Aligning a number of legal acts with the TFEU (Article 290, Commission delegated powers)

2013/0218(COD)

The Committee on Legal Affairs adopted the report by József SZÁJER (EPP, HU) on the proposal for a regulation of the European Parliament and of the Council adapting to Article 290 of the Treaty on the Functioning of the European Union a number of legal acts providing for the use of the regulatory procedure with scrutiny (RPS).

At the time of adopting Regulation (EU) No 182/2011 of the European Parliament and of the Council on comitology, the Commission undertook to assess by the end of 2012 the legislative acts containing references to RPS that remained in force, in order to prepare the appropriate legislative initiatives to complete the adaptation to the new legal framework. The overall objective was that, by the end of the 7th term of the Parliament, all provisions referring to the regulatory procedure with scrutiny would have been removed from all legislative instruments.
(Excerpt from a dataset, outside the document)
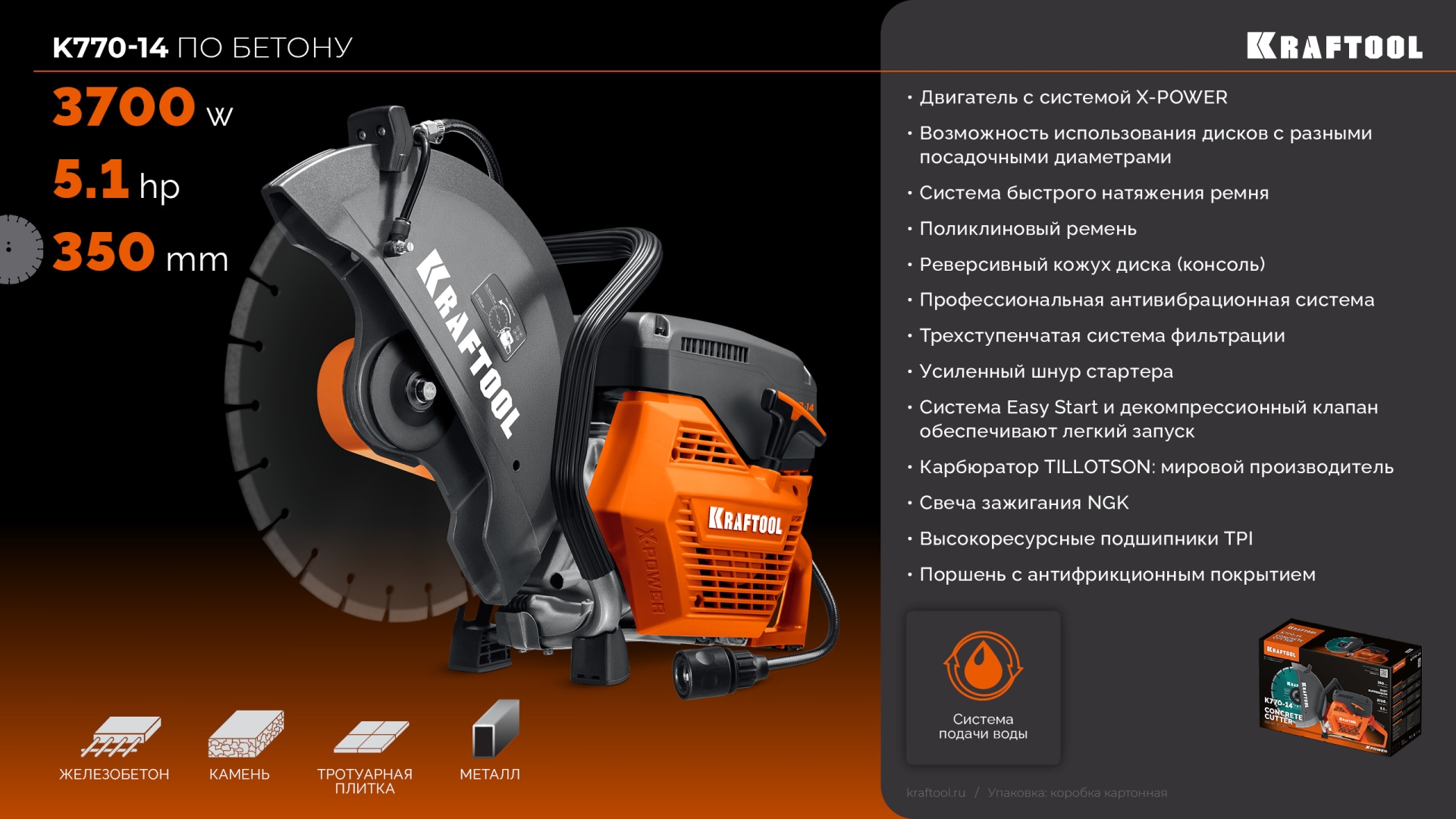 Для сухой и мокрой резки и проделывания спилов, отверстий в литом бетоне, камне, кирпиче, металлических конструкциях, стенах, асфальте и бордюрах.

In keeping with that statement and further to the screening of existing legislation, the Commission put forward three proposals for a regulation adapting to Article 290 TFEU a number of legal acts providing for the use of the regulatory procedure with scrutiny (RPS). (Please see 2013/0220(COD) and 2013/0365(COD)).

This report is related to a proposal covering 160 legislative acts in various policy areas. The Rapporteur proposed to the relevant committees that the three proposals should be regarded as a package, subject to the same timetable and adopted as soon as possible, so that the alignment exercise can be completed, ideally, by the end of the current legislative term. The report contains a limited number of amendments that were suggested by the specialised committees in their opinions.

The committee’s amendments propose that the power to adopt delegated acts should be conferred on the Commission for a period of five years from the date of entry into force of the regulation (and not for an indeterminate period). The delegation of power shall be tacitly extended for periods of an identical duration, unless the European Parliament or the Council opposes such extension not later than three months before the end of each period.

Owing to the highly technical and complex nature of the delegated acts in the remit of the Committee on Economic and Monetary Affairs, the report proposes that the time limit for objections to the act should be three months, extendable by a further three months at the initiative of the European Parliament or of the Council.